Friday, December 8, 2017

And I'm About To Break

The best thing about having a blog is you can write about whatever you feel whenever you feel it. This week has been soul crushing for me and I need to get it out. Hopefully, my meltdown can help someone else nearing the point I was at.

My 18 mile run was rough. I did really well for 15 miles then the last three fell apart. Just like what happened in the Pittsburgh Marathon in May. What is it about this distance? What am I not doing right? I have put way too much time and effort in to this training for it all to come crashing down so close to the race.

I didn't run Monday. I went to barre - which was not my brightest idea. Tuesday some strange cold front came through and I ended up with a wicked headache. Plus, running in the rain in December sounded terrible.

Then Wednesday came. I went to barre in the morning. Packed my bag of running clothes and went along my way. As I was programming my watch with my track workout it happened. The thought of running was giving me incredible anxiety. I thought I was going to cry, like burst in to tears.

What is happened?! I have done this before! It would be totally different if I hadn't done this before, let alone six other times! I am four weeks from running a marathon and the thought of running is bringing me to tears.

I posted something on Twitter looking for something. Anything. I was very grateful that Kelsey texted me. She told me to reach out to Kristen. Of course! Why wouldn't I have thought of that. Ask the person who wrote my plan!

We worked out a plan. I'm cutting a workout this week to hopefully take some of the edge off. It is a cutback week so it's nothing crazy. Seriously guys, if you don't work with a coach, you need to. Even for the little bit of a boost. Kristen also told me to reach out to my other friend Kristin and ask how four weeks out from the marathon treated her.

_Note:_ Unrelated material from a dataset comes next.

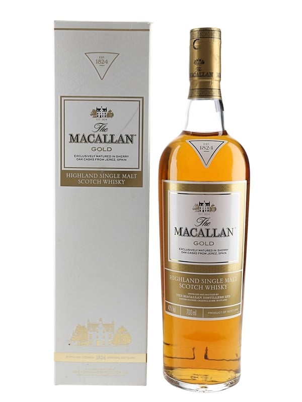 A bottle of The Macallan Gold Highland Single Malt Scotch Whisky, exclusively matured in sherry oak casks from Jerez, Spain, and bottled as part of The 1824 Series.

Yep, just what you expected, hot mess.

So what am I getting at? I AM HUMAN! We are all human! We have bad days, heck even bad weeks. I need to give myself some credit sometimes and celebrate the small victories. My splits have been dropping. I finished my 2017 mileage goal with five weeks to spare. I ran 18 miles last week even when I wanted to stop.

Most of all, I have finished six marathons! I am a marathoner. While this is my last attempt at a time goal for a marathon, no one can take away the fact that I am a marathoner.

This training has been so much more than miles. It has been finding myself again. Showing myself that when you might be at your lowest, you can accomplish amazing things. Mostly, it's for Carrie and those who would love to be able to do what has been stressing me out. I need to spend the next month embracing the journey again and focus on what is really important.

What has been your breaking point? How did you get out of it.